Read-only providers support browsing, downloading, downloading-as-zip, getting file revision
history, and copying from connected repositories. Thanks to the following devs for their hard
work!
- GitLab: @danielneis, @luismulinari, @rafaeldelucena
- OneDrive: @caseyrygt, @alexandr-melnikov-dev-pro, @johnetordoff
0.35.0 (2017-11-13)
===================
- Feature: Allow copying from public resources with the OSF provider. WaterButler had been
requiring write permissions on the source resource for both moves and copies, but copy only needs
read. Update the v1 API to distinguish between the two types of requests.
- Docs: Document supported query parameters in the v1 API.
- Code: Improve test coverage for osfstorage and figshare.
- Code: Cleanups for Box, Google Drive, and GitHub providers.
- Code: Don't include test directories in module search paths.
- Code: Don't let query parameters override the HTTP verb in v1.
0.34.1 (2017-10-18)
===================
- Fix: Don't crash when a file on Google Drive is missing an md5 in its metadata. This occurs
for non-exportable files like Google Maps, Google Forms, etc.
0.34.0 (2017-09-29)
===================
- ANNOUNCEMENT! Sadly, the WaterButler v0 API is now *undeprecated*. We've discovered that the
OSF is still using it in a few places, so it's been given a temporary reprieve.
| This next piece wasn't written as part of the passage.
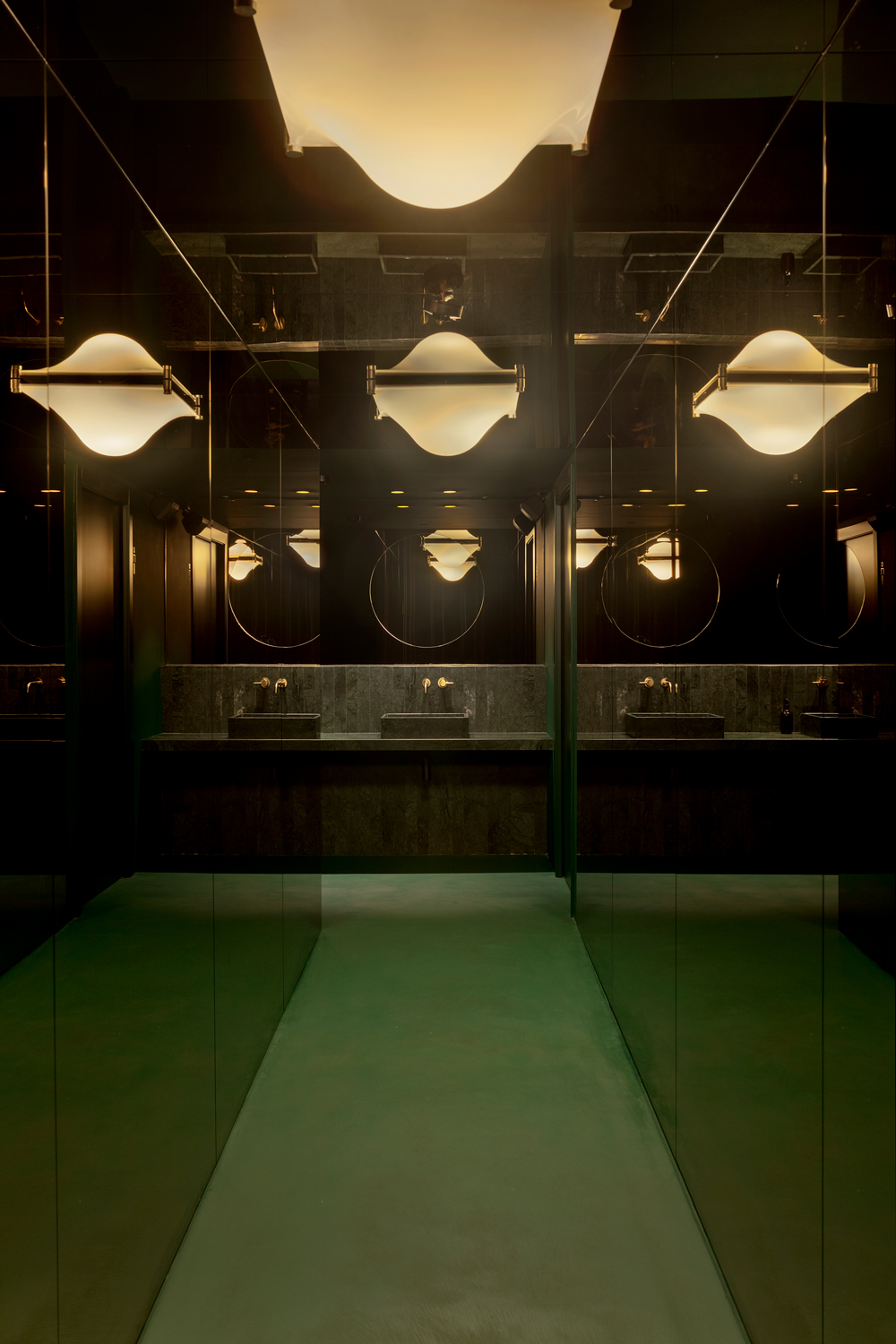 Die Wahl von Solidro, dem neuen fugenlosen, wasserfesten Mikrofinish von Ideal Work, trägt ebenfalls zur Kontinuität der Räume und zur Stärkung ihrer visuellen Kohärenz bei. Es wurde in einem speziell angefertigten Farbton NCS S 7020-G aufgetragen, der die im gesamten Veranstaltungsort präsenten dunklen Grüntöne aufgreift. Solidro ist frei von Epoxidharzen und anderen potenziell flüchtigen chemischen Verbindungen, trägt zur Erhaltung eines gesunden Raumklimas bei und ist absolut wasserdicht: Es nimmt weder Wasser noch andere Flüssigkeiten auf, ist äußerst fleckenbeständig und extrem pflegeleicht.

Once those are
converted to v1, v0 will be re-deprecated then removed after an appropriate warning period.
- Feature: For providers that return hashes on upload, WaterButler will calculate the same hash
as the file streams and throw an informative error if its hash and the provider's hash differ.
- Fix: Stop throwing exceptions when building exceptions to throw. Pickled exceptions are
resurrected in a peculiar fashion that some of WaterButler's exception classes could not survive.
- Fix: Validate that the move/copy destination path is really a folder.
- Fix: Update the Box and Google Drive intra-{move,copy} actions to include children in the
returned metadata for folders (and document it).
- Fix: Release Box responses on error.
- Code: Update the Postman test suite to include CRUD and move tests.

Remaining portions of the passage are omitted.